Lent Reflection

A reflection for Lent on the sacrament of confession. This reflection is taken from the latest edition of our parish newsletter.


Recovering a Forgotten Rite by Rev. Joshua Peckett

On the approach to Easter, we hear much in scripture of the call to repent and seek forgiveness. Preaching repentance and fostering reconciliation are a vital part of what it means for the Church to continue the work of the Incarnation.

“Repent and be baptized”, said Saint Peter (Acts 2.38) to the first Christian converts - a reminder that our baptism is a “baptism of repentance for the forgiveness of sins” (Luke 3.3).

Only the repentant should be baptized and baptism deals with the effects of our sins, being a participation in the death and resurrection of Christ. But we all know that we sin after baptism. In one sense, baptism fulfils repentance, but ours is a life of constant ‘conversion’ – of turning to Christ – because we have a habit of wandering off and needing to come back home to God.

Thankfully, there exists a great aid to this predicament – private confession. Now, when one hears the words ‘private confession’, you’d be forgiven for first thinking about whispers in confessional booths and the wild plots of some Hollywood films. The truth is rather different and confession is a realistic sacrament acknowledging that, as sinners, we need help and we need to know that we are forgiven. It is an opportunity to be restored to the newness of baptism when we fail, and takes seriously the sentiment of the Prayer Book that ‘by frailty of our mortal nature we cannot always stand upright.’

The sacrament of confession embodies the sureness with which we can know that all who turn to Christ will not be tuned away (John 6.37), and as a way of taking stock of our lives before reaching out urgently to God for grace to make progress on the way to the perfect likeness of Christ, it is a wonderful reconnection with our baptism.

Sometimes a question is asked here - isn’t this all very Catholic and we don’t do this in the CofE? Well, while the popular image associates private confession with the Catholic Church, it is not exclusively a Catholic rite. At the Reformation, it was retained in some Protestant Churches. For example, it is an important part of Lutheran tradition and in the Church of England provision for it was made in Prayer Book when ministers visited the sick and dying who, possessing a disquieted conscience, could not find consolation in the General Confession of the liturgy. Today, private confession goes by various names: ‘The Reconciliation of the Penitent’, ‘the Sacrament of Reconciliation (or Penance)”, or simply “Confession”, are all commonly used and emphasize different aspects of the same rite. For those wary of it, the Anglican attitude to its practice has traditionally been summed up by the aphorism ‘All can, some should, none must’.

Whatever the name, private confession continues to be used when a person’s conscience is burdened with a particular sin, they wish to make a new beginning in the Christian life, or they wish to incorporate it as part of a regular personal discipline. The former Archbishop of Canterbury, Michael Ramsey, said that Christians should take care about the confession of their sins. As time passes the habit of being critical about people and things grows more than each of us realize, and regularly examining both our conscience and our behaviour is a healthy spiritual discipline.

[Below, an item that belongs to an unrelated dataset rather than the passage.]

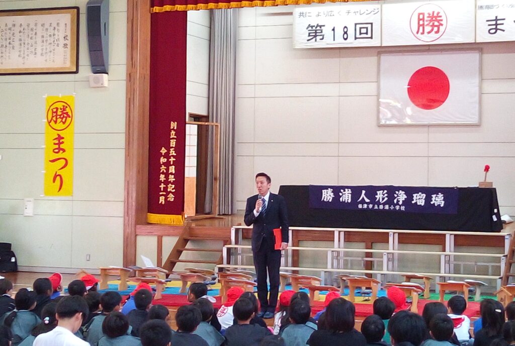 福津市の勝浦小学校の「マル勝まつり」と神興小学校の「ハッピーフェスタ」に来賓として出席

As we move from through the Christian year, from the celebration of the Incarnation at Christmas to Christ’s Passion and Resurrection at Easter, let me commend private confession to you if you have never considered it before. As an opportunity to be unburdened of our sins, seek solace and advice, and hear the joyful words of God’s absolution pronounced upon us, it is entirely fitting with the Lenten journey to Easter. So, however we prepare for the great celebration of our redemption at Easter, let us do so as people committed to following Christ with our whole selves, knowing our faults and seeking good in our lives, and let us be ready to proclaim the same freedom to others we now know in Christ.